We have previously shown that poor immune reconstitution of patients on cART is strongly correlated with persistent T-cell activation rather than with thymus dysfunction [28]. Residual virus replication despite cART could be one of the drivers of persistent T-cell activation. We therefore assessed the association between residual viremia and persistent T-cell activation in patients on cART with a sustained plasma virus load of <50 copies/ml. The level of residual viremia was correlated with the frequency of HLA-DR⁺ CD4⁺ T-cells (ρ = 0.41, P = 0.05) and of HLA-DR⁺ CD38⁺ CD8⁺ T-cells (ρ = 0.40, P = 0.06) (data not shown). As the residual viremia was greater in the poor immunological responders than it was in the good immunological responders, we then investigated the relationship between residual viremia and T-cell activation in the two groups separately. The level of residual viremia was significantly correlated with the frequency of activated CD4⁺ T-cells (ρ = 0.71, P<0.05) in the poor immunological responders (Fig. 5C), but not in the good immunological responders (ρ = -0.26, P = 0.38) (Fig. 5D).
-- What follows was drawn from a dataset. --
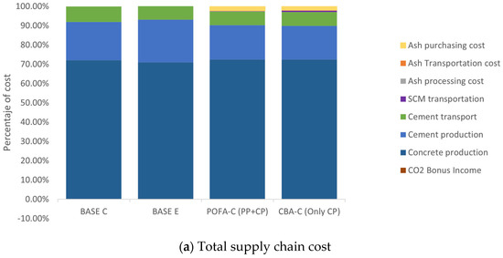 Surprisingly, the changes in the use of SCMs and the number of processing plants do not have a significant impact on the total cost of the supply chain, as shown in Figure 7. For both SCMs, the total supply chain cost remained close to the baseline scenario, with negligible savings of −0.11% for CBA and −0.04% for POFA, but never resulting in an additional cost. Moreover, recalling the logic behind Algorithm 1, if the use of SCMs is not economically viable, the supply chain will produce all the concrete using OPC. However, this is not the case, as residual production of SCM-based concrete remains feasible (9% for CBA and 6% for POFA). Under these extreme conditions, where transportation costs increased threefold, the supply chain sources biomass ash from locations close to a few concrete plants, using a single processing plant for this purpose obtaining emissions reductions near −1.3%.

Similarly, the level of residual viremia was significantly correlated with the frequency of activated CD8⁺ T-cells in the poor immunological responders (ρ = 0.71, P<0.05), but not in the good immunological responders (ρ = −0.12, P = 0.70) (data not shown). These results suggest that low-level HIV-1 viremia may contribute to persistent T-cell activation and poor immune reconstitution despite cART.

Discussion

We have investigated the residual replication of HIV-1 in 23 patients that were receiving sustained effective cART for a median duration of seven years. Residual plasma virus below 50 copies per ml was detected in 8 of 10 patients with poor CD4⁺ T-cell reconstitution in response to cART, and in only 5 of 13 patients with good CD4⁺ T-cell reconstitution. This confirms previous reports [1]–[7] that low-level virus production can continue in patients despite their being on long-term effective cART. Our results further suggest that this residual viremia could have a significant impact on the immunological parameters of some patients on sustained effective cART.

One important issue for assessing virus populations based on PCR products is the use of a sufficient number of templates. To limit resampling bias in this study, we ultracentrifuged 6 ml of plasma to characterize the residual plasma viremia. As the levels of residual HIV-1 RNA detected in the plasma ranged from 2.5 to 29.7 copies/ml,we can thus estimate that 15 to 180 copies of HIV-1 were subjected to V3 env PCR in these patients. Moreover, there was significant genetic diversity in the residual viruses found in the plasma of some patients, despite their residual viremia being rather low. In contrast, there was little genetic diversity in the residual viruses found in the plasma of most patients despite their higher residual viremia. This finding of a homogenous virus population in the plasma of most of the patients on effective cART is in agreement with other reports. In a study designed to avoid PCR resampling using intensive sampling, Bailey et al. found a predominant plasma clone in most of the patients with treatment-induced viral loads below 50 copies/ml [1]. Indeed, despite wide diversity of HIV-1 sequences in resting CD4⁺ T-cells, they found that residual virus in plasma was dominated by a homogeneous population with identical pol and env sequences.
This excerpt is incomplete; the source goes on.